Biomass in Tropical Africa is already the continent’s third main energy source, after hydrocarbons in the north and coal in the south, and it is the source of half the energy currently consumed on the continent.
There have been several attempts by African governments in the past to develop a renewable sector – particularly biofuels – since the first oil shock of the early 1970s – all of which have been very small scale but most of which are still in existence.
Many of these efforts failed to gather momentum, largely due to the combination of falling oil prices, lack of investment, and poor government policy direction. In recent years, however, rising oil prices, growing concerns about climate change, and Africa’s belated recognition that it stands to benefit considerably from the growth of the biofuel sector has changed that equation fundamentally.
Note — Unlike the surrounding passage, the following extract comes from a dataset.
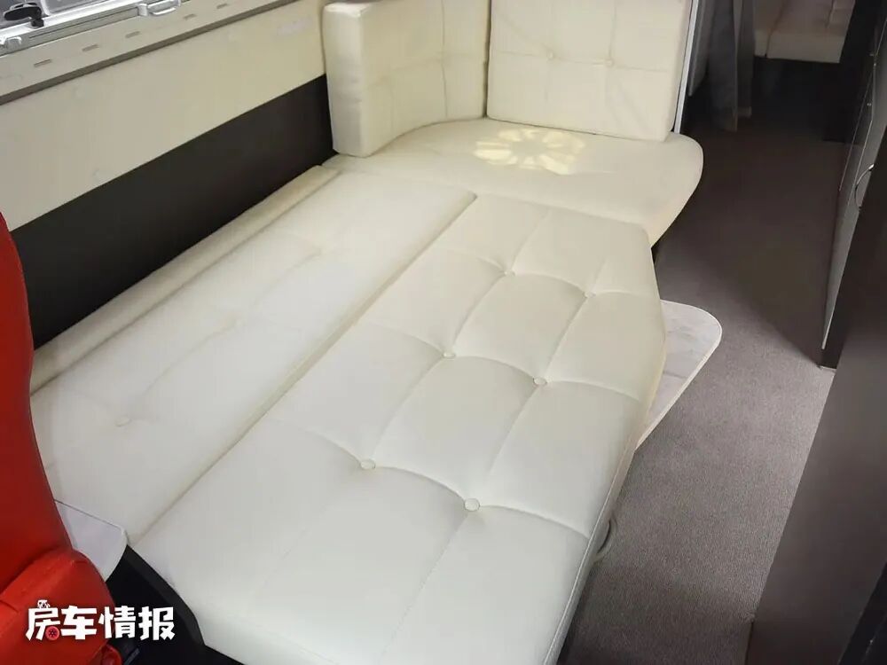 这款房车是基于日野中巴车底盘所改造的,整体的车身尺寸达到了6990*2030*2720mm,临界7米的车身长度足以保证内部的生活区使用空间,只不过如果换做国内的话,是无法满足上蓝牌C本驾驶的规定。
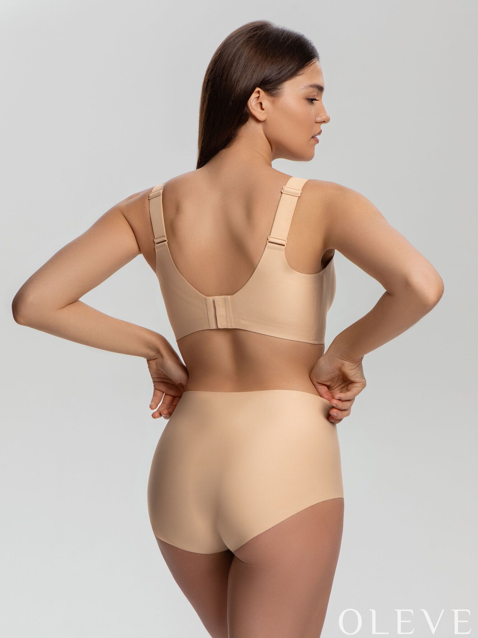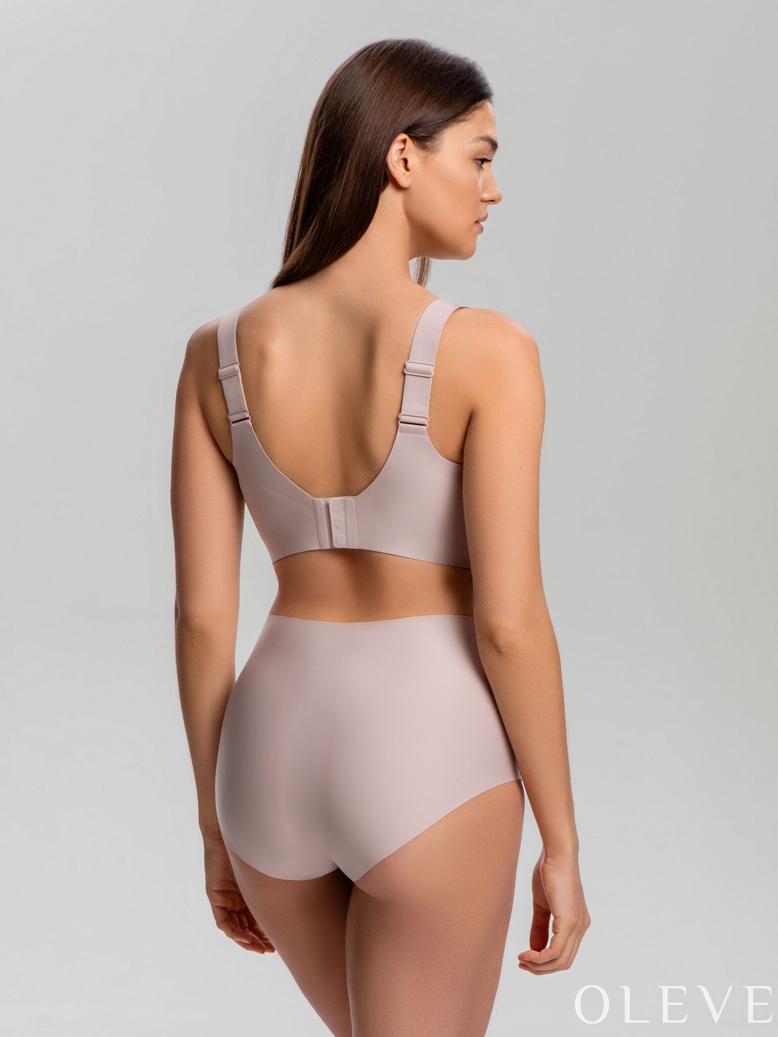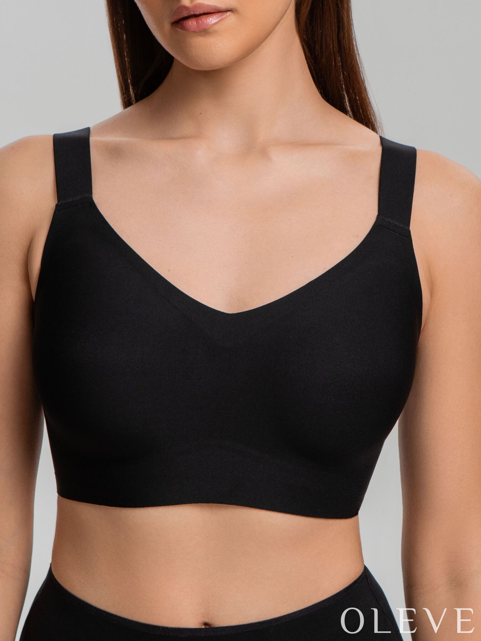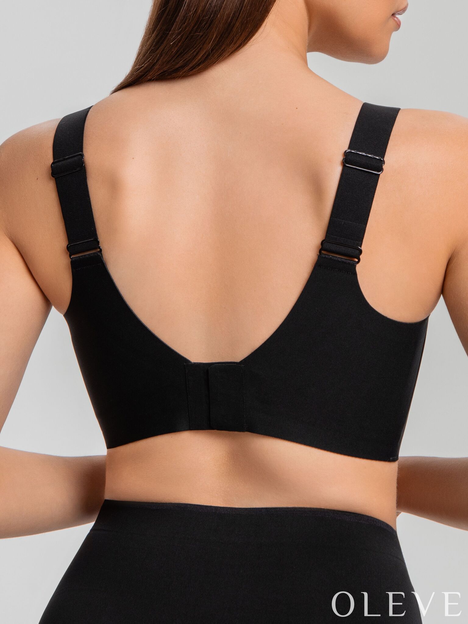 Бесшовный бюстгальтер с V-образным вырезом из микрофибры. Силиконовые вставки создают дополнительную поддержку груди. Для более комфортной и плотной посадки добавлены боковые косточки. В комплекте съёмные латексные вкладыши. Широкая спинка в форме леотард. Комфортные широкие бретели исключают натирание и сдавливание плеч.

Brazil, along with China and the EU, have been quick to identify Africa as a region with the ideal agro-climatic conditions, and the socio-economic potential, needed to become a large-scale global biofuel feedstock provider over the next decade, and are now beginning to direct investment flows to turn potential into reality.
Brazil, which is already the world’s largest producer of sugar cane-based ethanol, exporting some two billion litres a year to more than a dozen countries has been quietly laying the groundwork for a Brazil-Africa biofuel partnership to bring the continent into the “biofuel revolution.”
Through Petrobas, the state-owned oil company, Brazil has proposed a series of long-term investments across the continent, offering African governments access to Brazilian financial, technical and agronomic assistance needed to get their fledgling industries off the ground.
Of Petrobas’s total investment budget for 2009-13, only $2.8bn has been earmarked for investment in biodiesel and bioethanol, and only nine percent of that will be invested abroad. But the small size of the overseas investment budget should not disguise the scale of Brazil’s ambitions for the African biofuel sector.
Brazil’s African biofuels drive does not stem from any altruistic impulse. It is a hard headed calculation of its own national interests. Helping Africa to become a global provider of biofuel feedstock serves Brazil’s goal of making biofuels a rival to hydrocarbons by diversifying feedstock supplies and augmenting global demand. Achieving these objectives within the context of expanding South-South trade relations is just ideological icing on the cake.
The Brazilian biofuel development model, which is based on large numbers of mostly small-scale farmers producing feedstock for both the domestic and the export sectors, supported by state subsidies, is ideally suited to the African context where most of Africa’s population relies on subsistence or small-scale family farming.
Moreover, the United Nations Conference on Trade and Development, the international trade body, has endorsed the Brazilian biofuel industry as an appropriate model for Africa in terms of its impact on the environment, commerce and economic development which – crucially – is compatible with the goal of preserving food security.
Biofuel production need not necessarily threaten food production. It has the potential to provide millions of poor rural farmers an additional source of income, which they can use to buy seeds and fertiliser, offering the prospect of boosting food output not reducing it as the anti-biofuel Luddites are fond of insisting.
While Brazil is cultivating relations with scores of African states seeking to get their biofuel industries off the ground, two stand out in particular – Angola and Mozambique – which like Brazil, are both Portuguese-speaking countries, which it sees as likely to represent the frontier of biofuel development in Africa.
Both countries are emerging from the destruction of civil wars, and have large amounts of unused or underused arable land with relatively low population densities. Mozambique’s future lies with bioethanol, while Angola’s lies with biodiesel. Brazil is helping Maputo and Luanda with their plant science programmes, as well as offering assistance with plantation management and refining, distribution and marketing of the final product.
Mozambique and Angola are both eager to become industry leaders in their respective biofuel sectors, with their governments willing to embark on the necessary land tenure and market reforms needed to grow their industries comparatively quickly.
Moreover, Mozambique’s bioethanol from sugar cane, and Angola’s biodiesel from soya beans, is considerably more carbon friendly than the US corn-based biofuel industry, and could be filling up a car near you quicker than you probably realise.